GWAS have identified other genetic variants associated with either critical illness or susceptibility to infection with SARS-CoV-2, including variants in the OAS-RNase L and DPP4-DPP9 clusters, which we will discuss later, MUC5B and FOXP4, previously associated with lung-related phenotypes, and three human leukocyte antigens (HLA) binding to epitope peptides prompting pathogen recognition by the immune system [29, 30]. HLA-G rs9380142 and rs143334143, in the vicinity of HLA-C, were found to be associated with COVID-19 severity in both the HGI and GenOMICC studies, whereas HLA-DPB1 rs2071351 reached genome-wide significance in the susceptibility analysis of the HGI. Many of these GWAS hits have already been identified in previous studies of lung-related phenotypes, autoimmune or inflammatory diseases [37, 42,43,44], but further replications and analyses of the underlying cellular mechanisms are required to improve our understanding of the clinical value of these findings in the context of COVID-19.

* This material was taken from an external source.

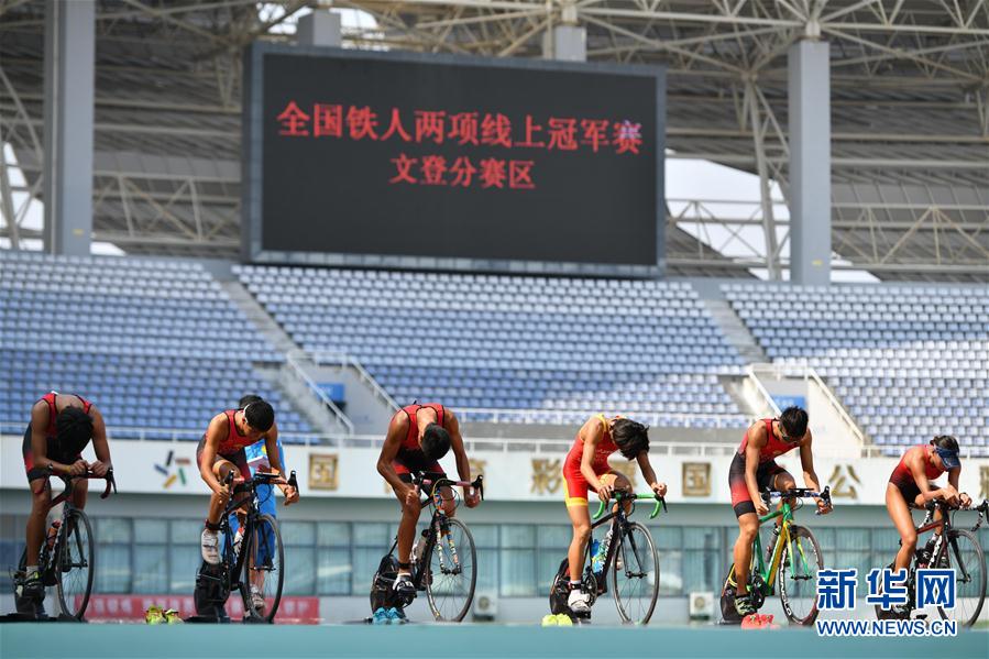 6月7日,运动员通过骑行平台在线比赛。 当日,全国铁人两项线上冠军赛在山东威海、河北承德、河南郑州三个赛区同时开赛。比赛通过“线上虚拟骑行+线下实景跑步”的互动形式,实现运动队、运动员之间的隔空对抗,开辟线上新赛场,通过比赛检验训练水平,激发训练热情。 新华社记者 朱峥 摄

Genetic ancestry and differences in COVID-19 susceptibility

The human genetic factors reported to be associated with COVID-19 in GWAS, despite the uneven representation of different ancestries in these studies, are not equally distributed between populations across the globe. We can therefore wonder whether, as with age, sex or socioeconomic status [45, 46], genetic ancestry, which reflects past differences in population demographic history and adaptation, can also help to explain COVID-19-related health disparities between populations of individuals from different ethnic backgrounds. This is probably not the case for individuals presenting with IEI, who are, by definition, immunocompromised, a notion extending beyond the differences imposed by geographic barriers. For COVID-19, this is consistent with the high risk (OR > 8) associated with the carriage of monogenic lesions in type I IFN-related genes [16] and the observation that the two strongest genetic associations reported by the trans-ancestry analysis of the 23andMe COVID-19 Team at the ABO and 3p21.31 loci did not explain differences in risk between populations [32]. However, the same study also showed that non-European ancestry was a significant risk factor for hospitalization, after accounting for sociodemographic factors and pre-existing health conditions, supporting the notion that complex genetic architectures, as opposed to strong allelic effects, may account for population-level differences in the outcome of SARS-CoV-2 infection. In support of this hypothesis, efforts to quantify differences between ancestries in rates of SARS-CoV-2 infection and COVID-19 clinical manifestations in England showed that ethnic minorities had higher risks of testing positive for SARS-CoV-2 and of adverse COVID-19 outcomes, after accounting for differences in sociodemographic, clinical, and household characteristics [47].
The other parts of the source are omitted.